■ **Task requirements**:
Every line of the material needs an exact copy, apart from the images.

■ **Supplied data**:
◆ ◆ ◆

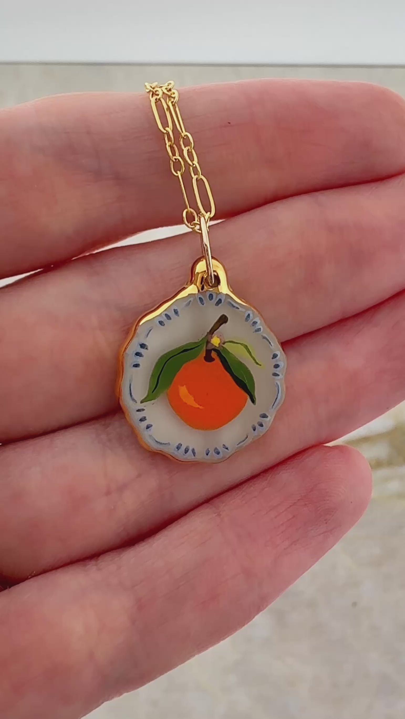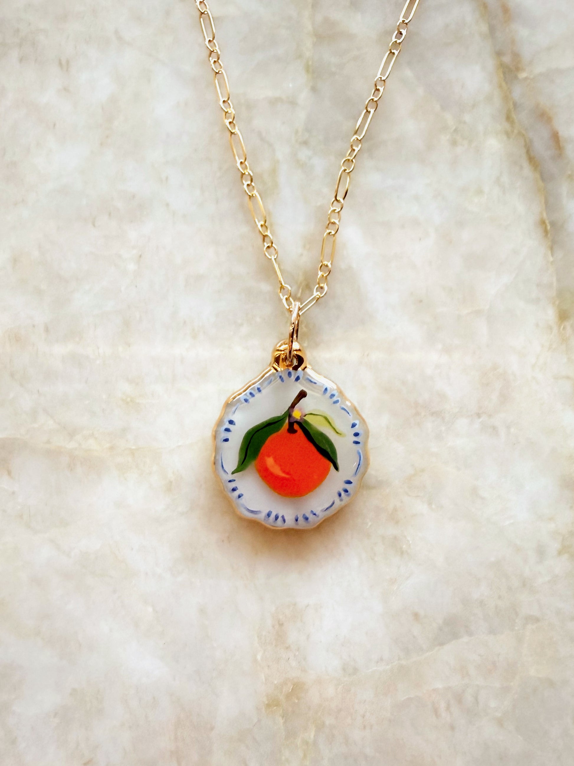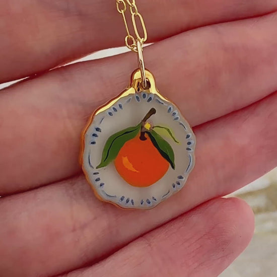 A round scalloped charm with an orange and blue decorative border. The charm has 24k gold luster painted on the edges. Each charm comes with an 18 inch gold filled chain.
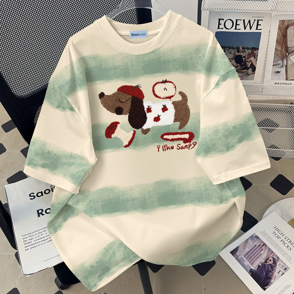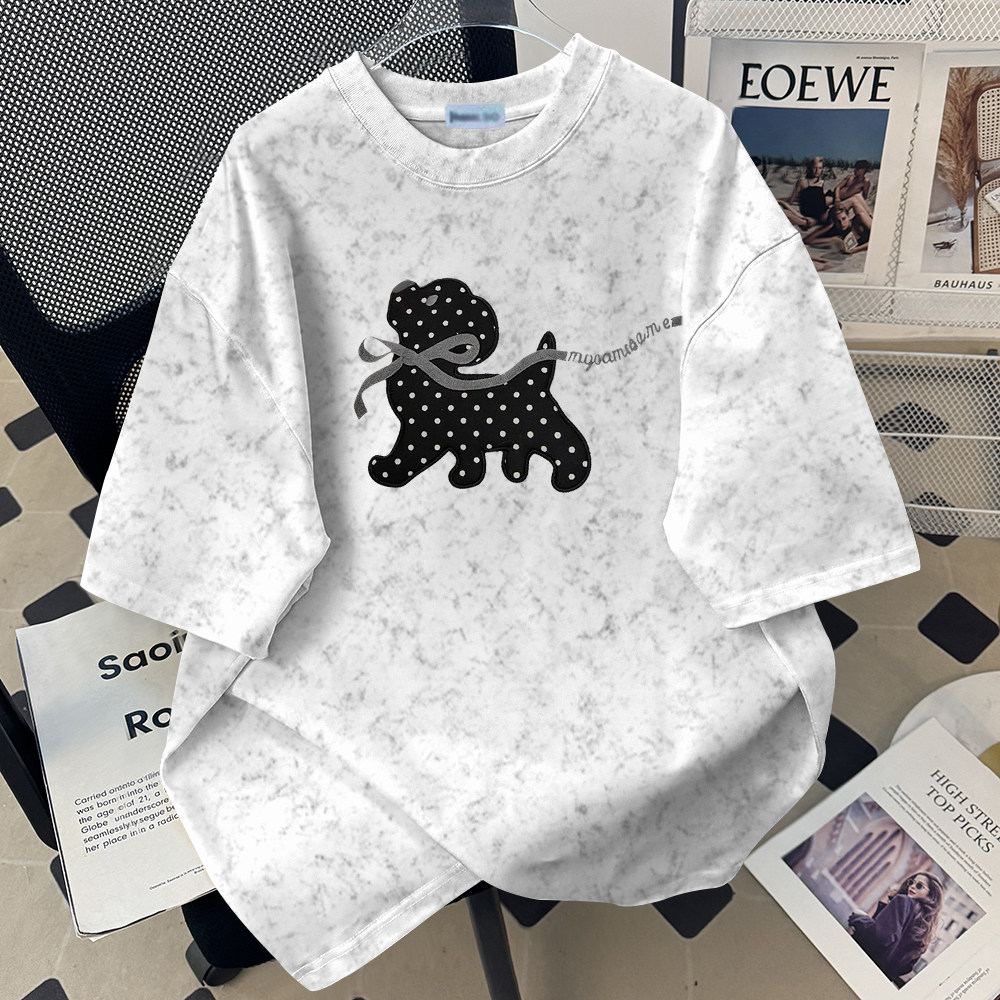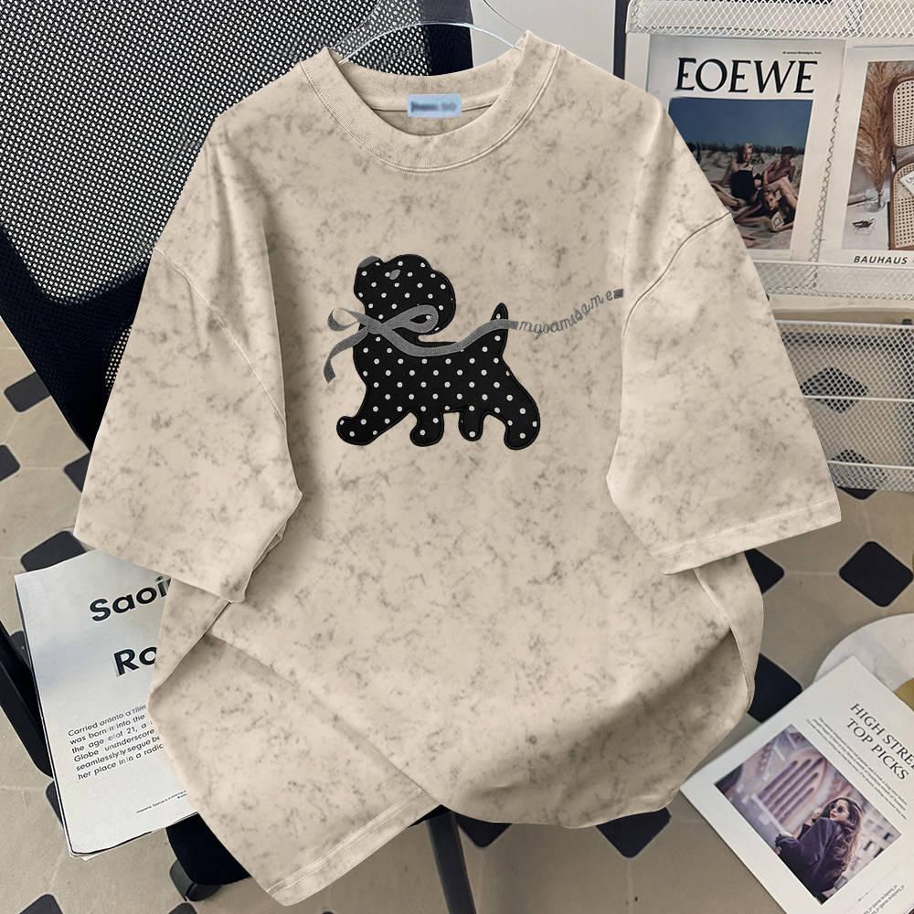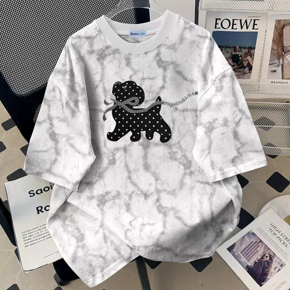 新款时尚休闲简约宽松潮流气质高级感扎染男女短袖复古慵懒风上衣
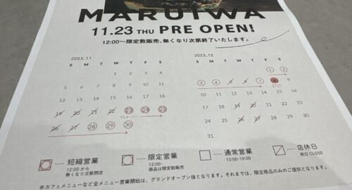 プレオープン期間は12月7日まで。営業は画像のカレンダーの通りとなっております。
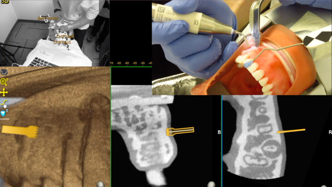 Fig. 2: An optical tracking sensor tracks the Jaw-Tracker, Tracer Tracker, Drill-Tracker and instrument.

◆ ◆ ◆

■ **Response for this exercise**:
 A round scalloped charm with an orange and blue decorative border. The charm has 24k gold luster painted on the edges. Each charm comes with an 18 inch gold filled chain.
 新款时尚休闲简约宽松潮流气质高级感扎染男女短袖复古慵懒风上衣
 プレオープン期間は12月7日まで。営業は画像のカレンダーの通りとなっております。
 Fig. 2: An optical tracking sensor tracks the Jaw-Tracker, Tracer Tracker, Drill-Tracker and instrument.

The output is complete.